Macron ex-bodyguard at centre of scandal to testify in public next week

File picture shows French President Emmanuel Macron and Elysee senior security officer Alexandre Benalla arriving at an elementary school in Berd’huis, France, April 12, 2018. — Reuters pic
File picture shows French President Emmanuel Macron and Elysee senior security officer Alexandre Benalla arriving at an elementary school in Berd’huis, France, April 12, 2018. — Reuters pic

PARIS, Sept 12 — The former bodyguard whose violent conduct plunged French President Emmanuel Macron into his biggest political crisis this summer agreed reluctantly to face questioning by senators as their hearings resumed today.

Alexandre Benalla, 26, is under criminal investigation after being filmed beating a May Day protester. The scandal brought the sharpest criticism Macron has faced since taking power 16 months ago, prompting the president to fire Benalla, his closest bodyguard, and shake up his office.

The prospect of Benalla’s public grilling on Sept. 19 will keep the saga in the public eye just as Macron tries to inject new life into his presidency amid a slump in popularity and economic headwinds.

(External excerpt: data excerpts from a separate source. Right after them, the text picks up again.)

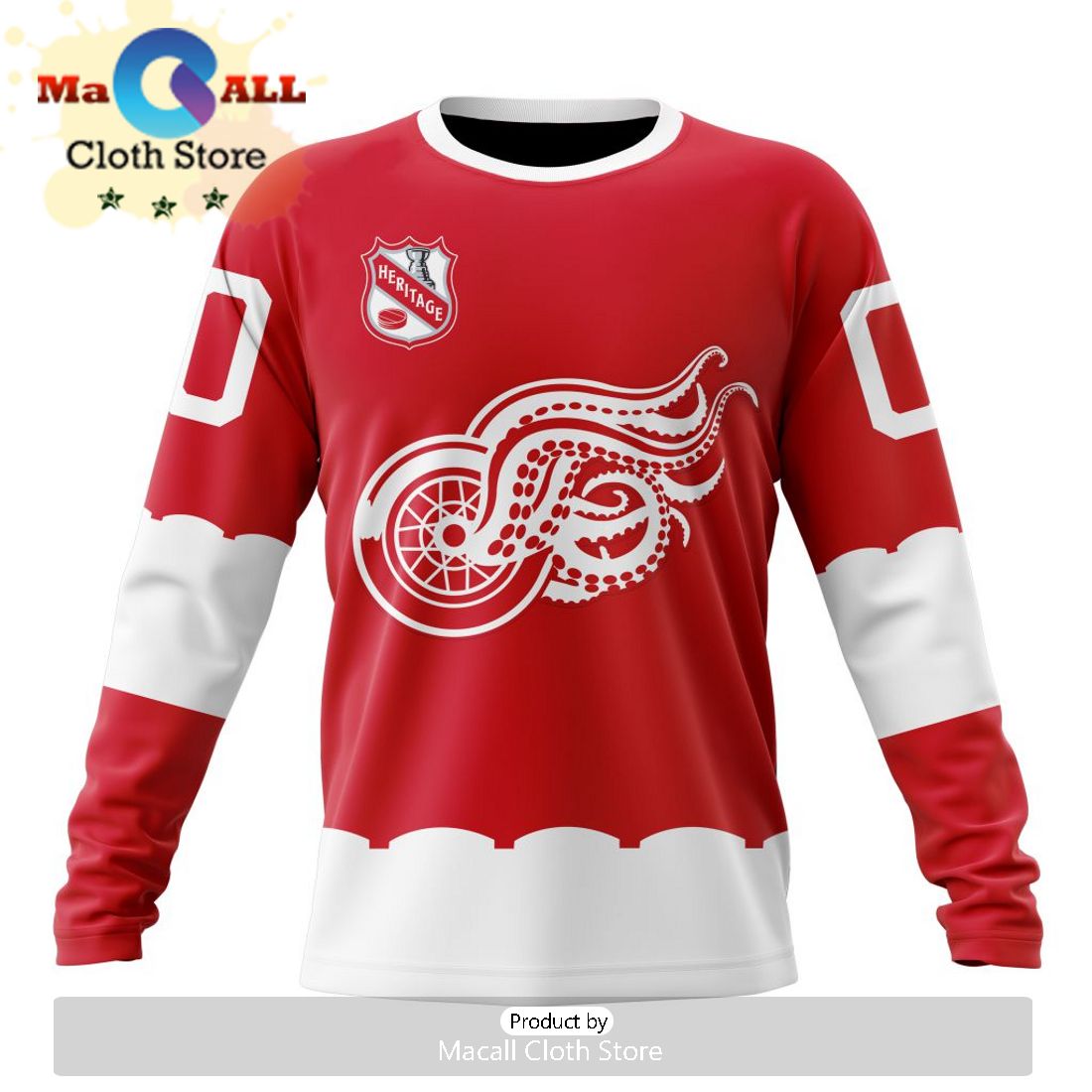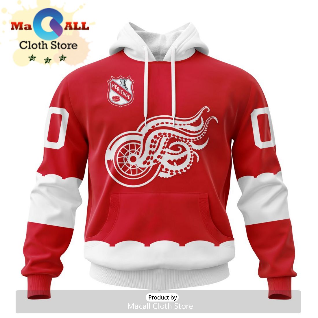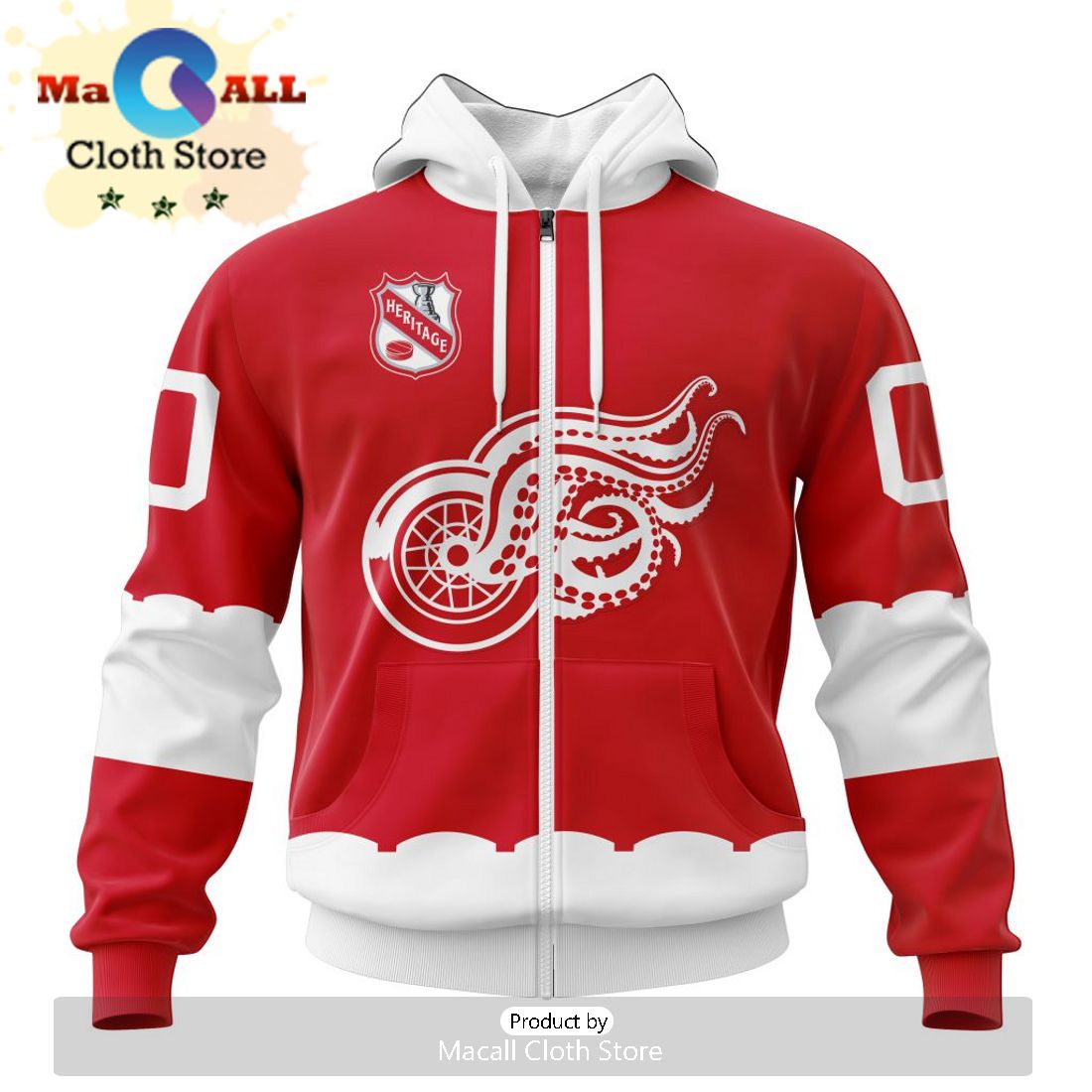 Custom NHL Detroit Red Wings Personalized Heritage Design Hoodie Trendy Fashion Hoodie, Zipper Hoodie, Fleece Zipper Hoodie, Dress Hoodie, T-Shirt, Long Sleeves, Sweatshirt and Long Pant
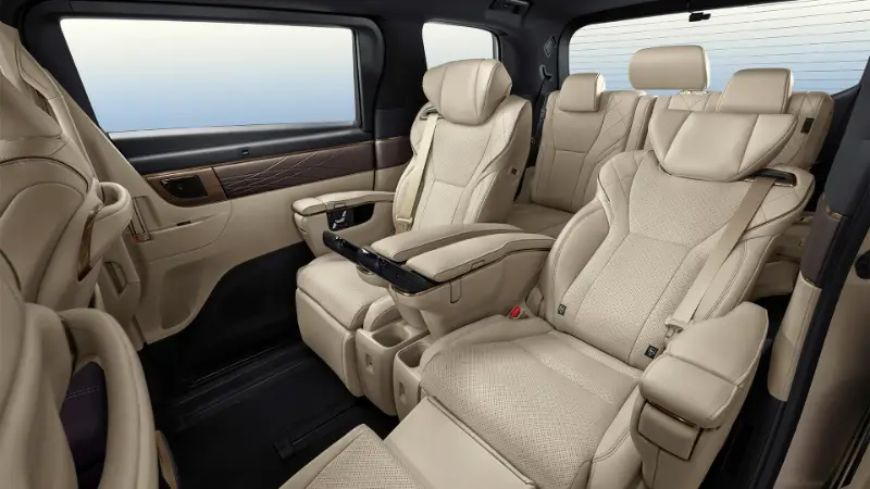 7 мест — два «капитанских» кресла на втором ряду с оттоманками и расширенной эргономикой; максимум комфорта. 8 мест — второй ряд диван, посадочных мест больше, но меньше индивидуальных регулировок. Выбирайте по задачам: комфорт VIP или гибкость посадки.
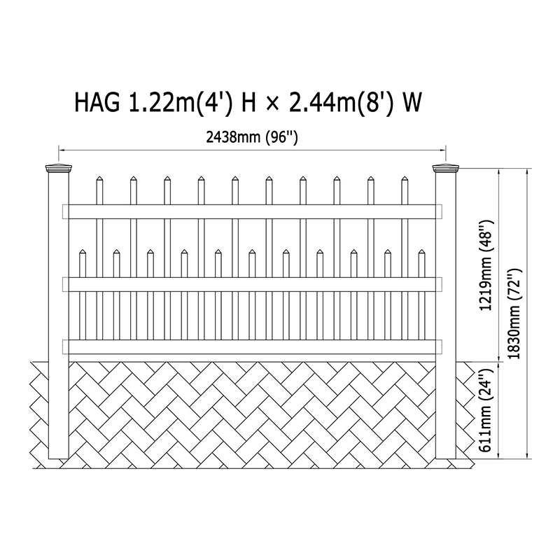 | Picket | 1 1/2 "x 1 1/2" x 40 '' x 21ks (standardní mezera) |

Benalla had feared placing himself in legal jeopardy and only agreed to testify before the upper house’s investigating committee late yesterday after being told that he risked two years in prison and a €7,500 (approx. RM36,000) fine if he refused.

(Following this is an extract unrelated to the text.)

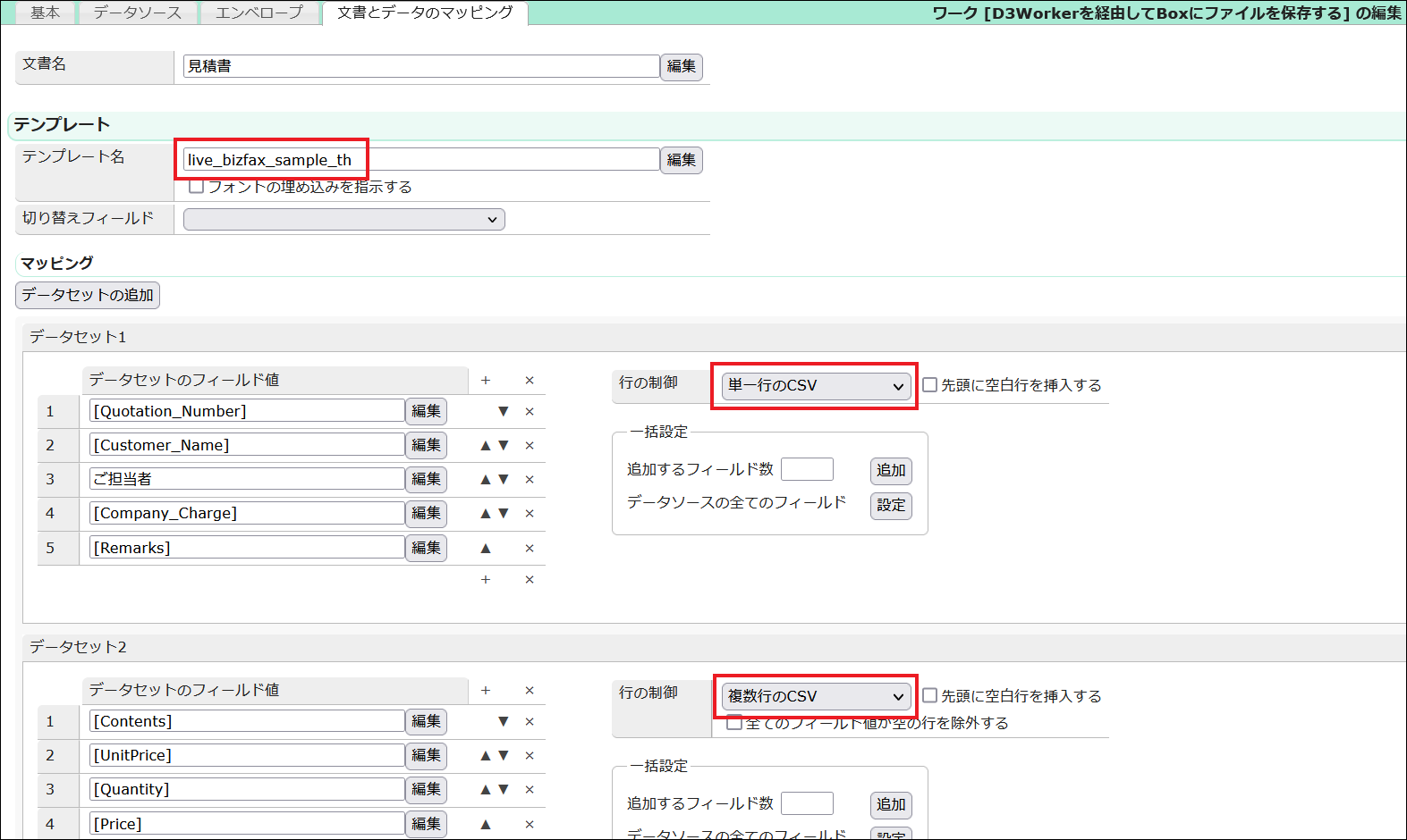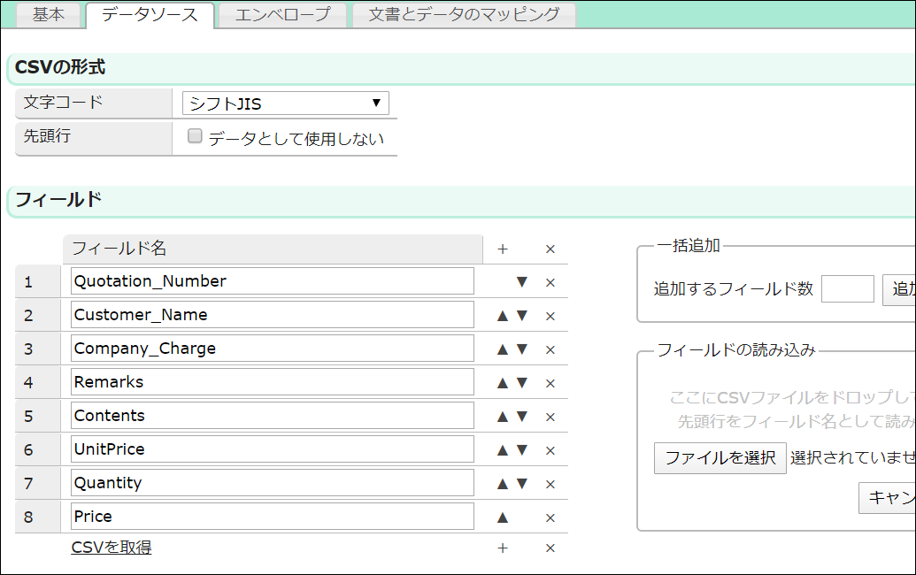 文書とデータのマッピング: 帳票テンプレートのCSVフィールドと、データソースのフィールドをマッピングします。
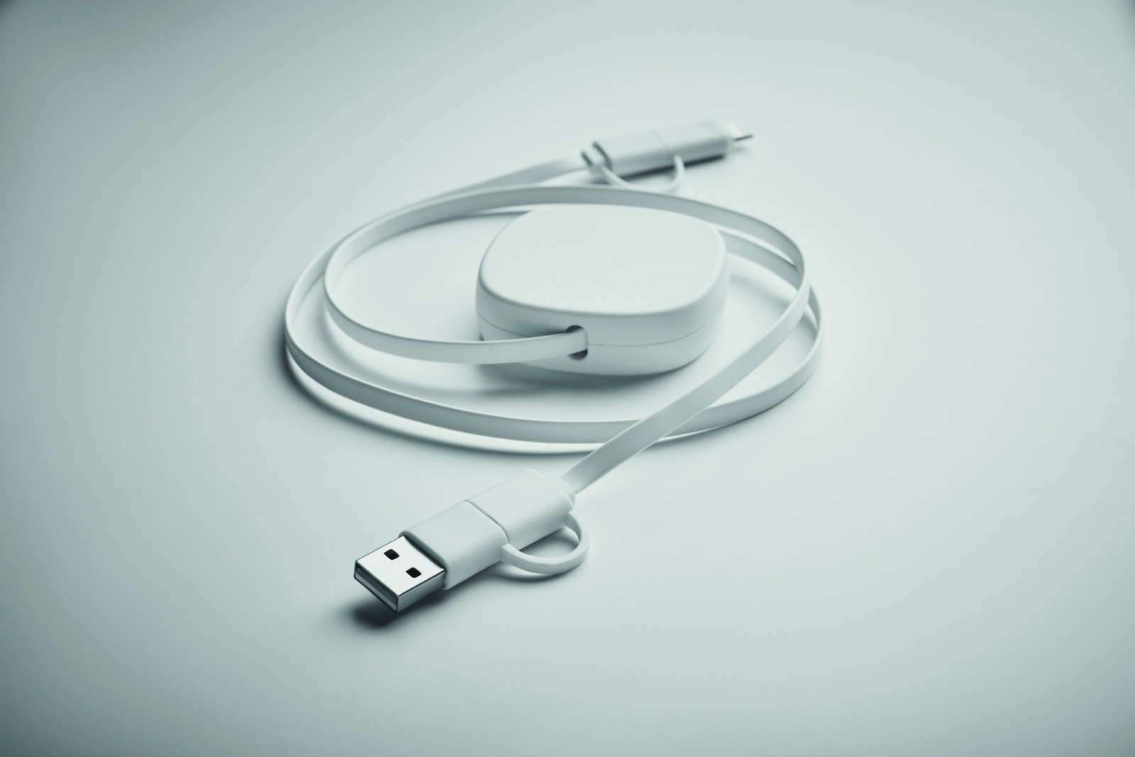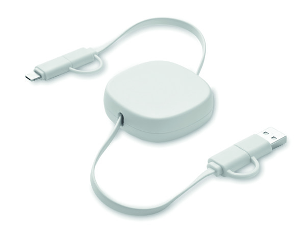 Cabo de carregamento retrátil de 60W. Caixa em ABS reciclado. Entrada: 2 em 1 Tipo C e Tipo A. Saída: Tipo C e micro-B (ficha 2 em 1). Comprimento do cabo: 80 cm.

“To avoid the legal risks I am threatened with, I am forced to appear before this committee,” Benalla said in a statement.

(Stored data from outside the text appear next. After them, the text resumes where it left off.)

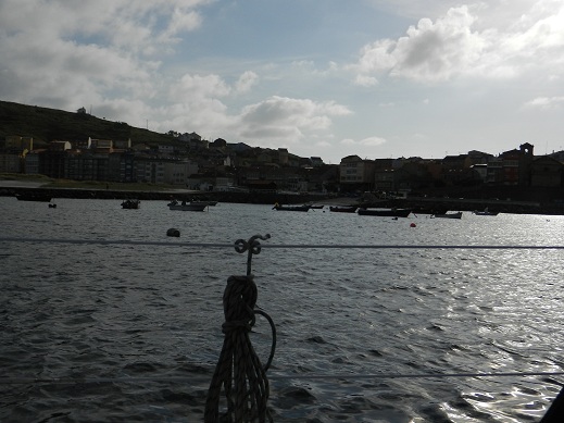 Gegen 20.00 Uhr erreichen wir den Hafen von Laxe. In der Bucht ist hinter der Kaimauer die Welle nicht mehr zu bemerken. In Laxe gibt es aber keine Stegliegeplätze. Wir machen das Schiff an einer Mooringtonne fest die im Hafenbecken ausgelegt ist. Diese Tonnen sind über eine Kette oder starkes Tau an einem Betonblock auf dem Grund des Wassers verankert und erlauben ein sicheres liegen.
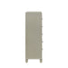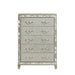 Introducing the Radiance 5 Drawer Chest in Platinum Silver, meticulously crafted for lasting stability and durability from a combination of Solid Rubberwood and manufactured woods. Its semi-gloss lacquer Platinum Silver finish lends a silky, modern touch to this captivating collection. Glossy textured inlays and mylar trim elegantly frame the drawers, showcasing a crushed crystal decorative laminate front adorned with brushed chrome finish handles featuring inset crystal accents. With five heirloom quality English dovetail drawers equipped with full extension glides, organizing your essentials becomes effortless. The finished interiors ensure snag-free storage, while the felt lining in the top drawers offers added protection for delicate items like jewelry, watches, or glasses. Experience the perfect blend of functionality and glamour with the Radiance 5 Drawer Chest.
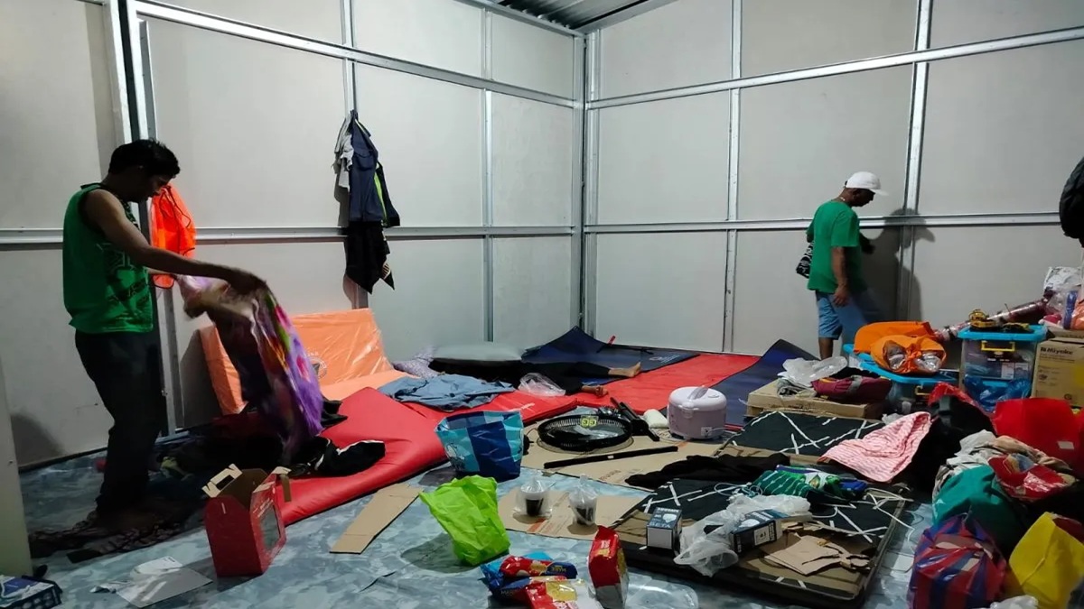 Sesampainya di lokasi huntara, mereka langsung menyusun barang-barang di dalam unit hunian yang disediakan.
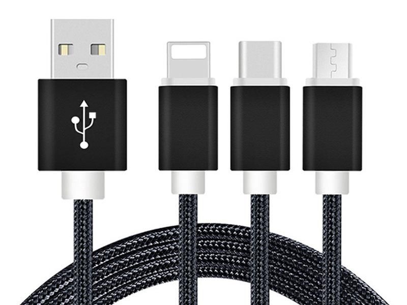 Reekin 3 in 1 Ladekabel (USB Micro, USB Type-C & Lightning) - 1,2 Meter (Schwarz

The scandal, which was dismissed by Macron as a “storm in a teacup”, has reinforced the perception among many French people of a haughty president and undermined his claim of building an “exemplary Republic”.

A poll published by Odoxa yesterday had Macron’s popularity sinking 12 points between June and September, to a record low of 29 per cent for his presidency. Its findings echo other surveys.

Senators from the opposition-controlled chamber resumed quizzing senior officials in Macron’s office today.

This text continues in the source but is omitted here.